Comment 5 Jakub Jelinek 2017-05-09 16:22:20 UTC
To expand on that, I think we want to drop that call from there and instead be able to simplify somehow a SAVE_EXPR if after c_fully_fold or cp_fold it becomes simple enough not to require any saving.
Comment 6 Marek Polacek 2017-05-09 16:32:55 UTC
Yeah, it helps with this particular testcase (and I agree we want to get rid of that fold() call in save_expr -- I'll take care of it), but I wonder if this issue is something separate: starting with r230506 we can generate expressions such as
i * ((unsigned long) -0 + 1) * 2
and given how fold() works we don't get to simplify the sub-expression "(unsigned long) -0 + 1)" so this expression isn't folded to "i * 2".  So I wonder if we want something like

--- a/gcc/convert.c
+++ b/gcc/convert.c
@@ -524,7 +524,13 @@ convert_to_integer_1 (tree type, tree expr, bool dofold)
    return expr;
       return build2_loc (EXPR_LOCATION (expr), COMPOUND_EXPR, TREE_TYPE (t),
             TREE_OPERAND (expr, 0), t);
-    }    
+    }
+
+  /* -0 is 0, so get rid of the NEGATE_EXPR.  */
+  if (0 && ex_form == NEGATE_EXPR
+      && TREE_CODE (TREE_OPERAND (expr, 0)) == INTEGER_CST
+      && integer_zerop (TREE_OPERAND (expr, 0)))
+    return convert_to_integer_maybe_fold (type, TREE_OPERAND (expr, 0), dofold);
 
   /* Convert e.g. (long)round(d) -> lround(d).  */
   /* If we're converting to char, we may encounter differing behavior
Comment 7 Marek Polacek 2017-05-09 16:34:46 UTC
I.e. I'm worried we could trigger the endless recursion also if we happen to call fold() on that expression via a different path than from save_expr.
Comment 8 Jakub Jelinek 2017-05-09 16:41:46 UTC
But we ideally shouldn't be folding anything until we actually c_fully_fold or cp_fold recursively, starting with the leafs.  Most of the folders heavily rely on that.
Comment 9 Marek Polacek 2017-05-09 17:01:16 UTC
Well, I hope we're not.  Very much related: PR80386.
Comment 10 Marek Polacek 2017-05-09 17:28:19 UTC
Removing the fold() call doesn't regress anything, btw.
Comment 11 Marek Polacek 2017-05-10 12:25:39 UTC
(In reply to Jakub Jelinek from comment #5)
> To expand on that, I think we want to drop that call from there and instead
> be able to simplify somehow a SAVE_EXPR if after c_fully_fold or cp_fold it
> becomes simple enough not to require any saving.

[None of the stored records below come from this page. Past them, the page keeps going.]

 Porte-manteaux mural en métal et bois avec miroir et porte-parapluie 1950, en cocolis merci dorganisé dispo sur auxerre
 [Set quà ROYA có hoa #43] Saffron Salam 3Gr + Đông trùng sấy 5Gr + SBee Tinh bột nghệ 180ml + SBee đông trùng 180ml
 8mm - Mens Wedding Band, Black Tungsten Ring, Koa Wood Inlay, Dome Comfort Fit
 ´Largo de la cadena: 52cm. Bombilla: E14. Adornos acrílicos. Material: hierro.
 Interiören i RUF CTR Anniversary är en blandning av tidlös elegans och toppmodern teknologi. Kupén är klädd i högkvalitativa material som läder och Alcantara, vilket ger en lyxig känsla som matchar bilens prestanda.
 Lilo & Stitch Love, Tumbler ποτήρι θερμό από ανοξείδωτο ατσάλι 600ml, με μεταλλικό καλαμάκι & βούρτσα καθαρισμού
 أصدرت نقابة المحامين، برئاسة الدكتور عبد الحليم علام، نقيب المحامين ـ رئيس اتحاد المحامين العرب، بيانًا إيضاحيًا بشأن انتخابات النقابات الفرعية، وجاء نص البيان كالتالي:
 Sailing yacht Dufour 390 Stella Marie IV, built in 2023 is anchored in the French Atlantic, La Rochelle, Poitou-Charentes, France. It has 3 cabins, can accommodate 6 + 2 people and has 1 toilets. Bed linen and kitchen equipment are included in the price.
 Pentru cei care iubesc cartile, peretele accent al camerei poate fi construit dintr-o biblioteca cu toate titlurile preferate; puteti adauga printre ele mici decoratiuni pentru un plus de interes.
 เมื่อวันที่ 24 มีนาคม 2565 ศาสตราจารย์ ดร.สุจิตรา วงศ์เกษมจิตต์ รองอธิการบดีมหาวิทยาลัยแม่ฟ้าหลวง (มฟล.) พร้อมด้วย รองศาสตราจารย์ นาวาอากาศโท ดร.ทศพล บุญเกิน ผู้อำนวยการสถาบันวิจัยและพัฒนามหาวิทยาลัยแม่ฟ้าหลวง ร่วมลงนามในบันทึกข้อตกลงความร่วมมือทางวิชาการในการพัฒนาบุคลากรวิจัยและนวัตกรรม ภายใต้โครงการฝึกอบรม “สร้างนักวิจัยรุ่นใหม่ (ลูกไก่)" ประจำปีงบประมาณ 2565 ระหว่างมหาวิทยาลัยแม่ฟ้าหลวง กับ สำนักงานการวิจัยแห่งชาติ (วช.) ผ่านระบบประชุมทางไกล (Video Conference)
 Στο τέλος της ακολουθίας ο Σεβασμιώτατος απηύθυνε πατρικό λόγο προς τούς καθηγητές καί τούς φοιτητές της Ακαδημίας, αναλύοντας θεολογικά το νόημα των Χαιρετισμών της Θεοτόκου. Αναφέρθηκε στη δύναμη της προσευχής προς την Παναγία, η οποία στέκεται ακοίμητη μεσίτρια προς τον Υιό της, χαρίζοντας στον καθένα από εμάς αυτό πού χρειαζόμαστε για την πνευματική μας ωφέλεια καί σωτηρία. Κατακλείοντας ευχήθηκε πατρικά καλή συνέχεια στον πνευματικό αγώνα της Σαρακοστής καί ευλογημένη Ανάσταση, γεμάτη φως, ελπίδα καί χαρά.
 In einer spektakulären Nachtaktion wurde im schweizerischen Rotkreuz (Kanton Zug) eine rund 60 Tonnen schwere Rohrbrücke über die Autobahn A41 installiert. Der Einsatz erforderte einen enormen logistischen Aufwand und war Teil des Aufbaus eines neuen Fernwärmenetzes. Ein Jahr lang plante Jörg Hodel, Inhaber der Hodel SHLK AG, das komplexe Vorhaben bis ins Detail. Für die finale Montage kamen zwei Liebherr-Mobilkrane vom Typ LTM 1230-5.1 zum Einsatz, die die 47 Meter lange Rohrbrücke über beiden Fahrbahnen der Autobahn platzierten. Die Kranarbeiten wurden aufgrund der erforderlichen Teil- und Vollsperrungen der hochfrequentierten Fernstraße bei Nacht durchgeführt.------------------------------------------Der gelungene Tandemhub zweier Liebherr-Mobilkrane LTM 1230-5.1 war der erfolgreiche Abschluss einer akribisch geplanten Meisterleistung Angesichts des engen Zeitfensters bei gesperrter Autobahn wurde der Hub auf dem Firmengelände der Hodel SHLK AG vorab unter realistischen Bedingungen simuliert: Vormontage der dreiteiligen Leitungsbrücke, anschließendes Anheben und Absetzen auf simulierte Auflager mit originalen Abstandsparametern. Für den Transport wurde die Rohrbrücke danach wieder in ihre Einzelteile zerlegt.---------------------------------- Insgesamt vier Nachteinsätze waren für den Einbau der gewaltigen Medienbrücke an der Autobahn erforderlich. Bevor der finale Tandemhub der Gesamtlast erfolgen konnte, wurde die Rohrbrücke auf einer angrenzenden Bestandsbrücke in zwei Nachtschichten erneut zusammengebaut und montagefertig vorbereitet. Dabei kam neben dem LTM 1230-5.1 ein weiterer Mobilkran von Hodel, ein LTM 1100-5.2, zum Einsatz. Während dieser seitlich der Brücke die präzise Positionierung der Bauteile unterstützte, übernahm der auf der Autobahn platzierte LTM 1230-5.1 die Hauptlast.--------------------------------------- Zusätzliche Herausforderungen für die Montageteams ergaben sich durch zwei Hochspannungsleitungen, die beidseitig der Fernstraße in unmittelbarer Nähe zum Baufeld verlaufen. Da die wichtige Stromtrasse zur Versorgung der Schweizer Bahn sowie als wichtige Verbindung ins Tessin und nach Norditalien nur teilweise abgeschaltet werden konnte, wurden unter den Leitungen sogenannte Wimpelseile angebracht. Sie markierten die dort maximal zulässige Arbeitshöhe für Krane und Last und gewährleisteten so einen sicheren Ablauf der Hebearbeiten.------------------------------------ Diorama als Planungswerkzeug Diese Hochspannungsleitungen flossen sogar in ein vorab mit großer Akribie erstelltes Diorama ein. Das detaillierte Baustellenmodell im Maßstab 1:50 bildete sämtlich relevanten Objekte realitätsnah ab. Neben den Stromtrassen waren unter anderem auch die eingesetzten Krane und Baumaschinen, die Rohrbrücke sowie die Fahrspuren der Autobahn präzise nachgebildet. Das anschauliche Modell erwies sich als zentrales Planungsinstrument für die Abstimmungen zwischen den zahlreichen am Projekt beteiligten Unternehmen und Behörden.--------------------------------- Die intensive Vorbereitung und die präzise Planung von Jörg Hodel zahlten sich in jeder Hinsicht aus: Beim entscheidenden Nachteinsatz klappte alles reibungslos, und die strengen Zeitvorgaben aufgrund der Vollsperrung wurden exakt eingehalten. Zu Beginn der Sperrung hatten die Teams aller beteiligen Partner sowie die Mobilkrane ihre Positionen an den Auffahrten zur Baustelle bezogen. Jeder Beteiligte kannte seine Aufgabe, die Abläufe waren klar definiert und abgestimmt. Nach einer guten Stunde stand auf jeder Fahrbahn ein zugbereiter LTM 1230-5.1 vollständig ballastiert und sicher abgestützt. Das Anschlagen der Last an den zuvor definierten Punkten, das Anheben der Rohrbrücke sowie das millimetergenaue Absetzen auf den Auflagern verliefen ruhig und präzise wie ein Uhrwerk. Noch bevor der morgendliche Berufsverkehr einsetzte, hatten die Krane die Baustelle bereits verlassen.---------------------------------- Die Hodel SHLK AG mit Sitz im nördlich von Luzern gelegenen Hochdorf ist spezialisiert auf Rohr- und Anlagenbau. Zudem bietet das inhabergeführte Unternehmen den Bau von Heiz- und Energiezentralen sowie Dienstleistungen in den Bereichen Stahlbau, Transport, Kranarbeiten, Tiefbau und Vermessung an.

Hmm, I'm not sure what you mean.  save_expr has

3351   if (tree_invariant_p_1 (inner))
3352     return expr;

so we shouldn't create unnecessary SAVE_EXPRs.  Or do you mean something else?
Comment 12 Jakub Jelinek 2017-05-10 12:42:04 UTC
(In reply to Marek Polacek from comment #11)
> (In reply to Jakub Jelinek from comment #5)
> > To expand on that, I think we want to drop that call from there and instead
> > be able to simplify somehow a SAVE_EXPR if after c_fully_fold or cp_fold it
> > becomes simple enough not to require any saving.
> 
> Hmm, I'm not sure what you mean.  save_expr has
> 
> 3351   if (tree_invariant_p_1 (inner))
> 3352     return expr;

Sure, it has and also has skip_simple_arithmetic.  But without the fold there is a chance (though small, as fold isn't recursive) that it previously would turn something non-invariant/simple arithmetics into invariant/simple arith and we wouldn't create the SAVE_EXPR, but now do.  Besides increased memory footprint that wouldn't be bad, the problem is that I don't see any of the recursive folders being able to undo that, so we end up with them until gimplification.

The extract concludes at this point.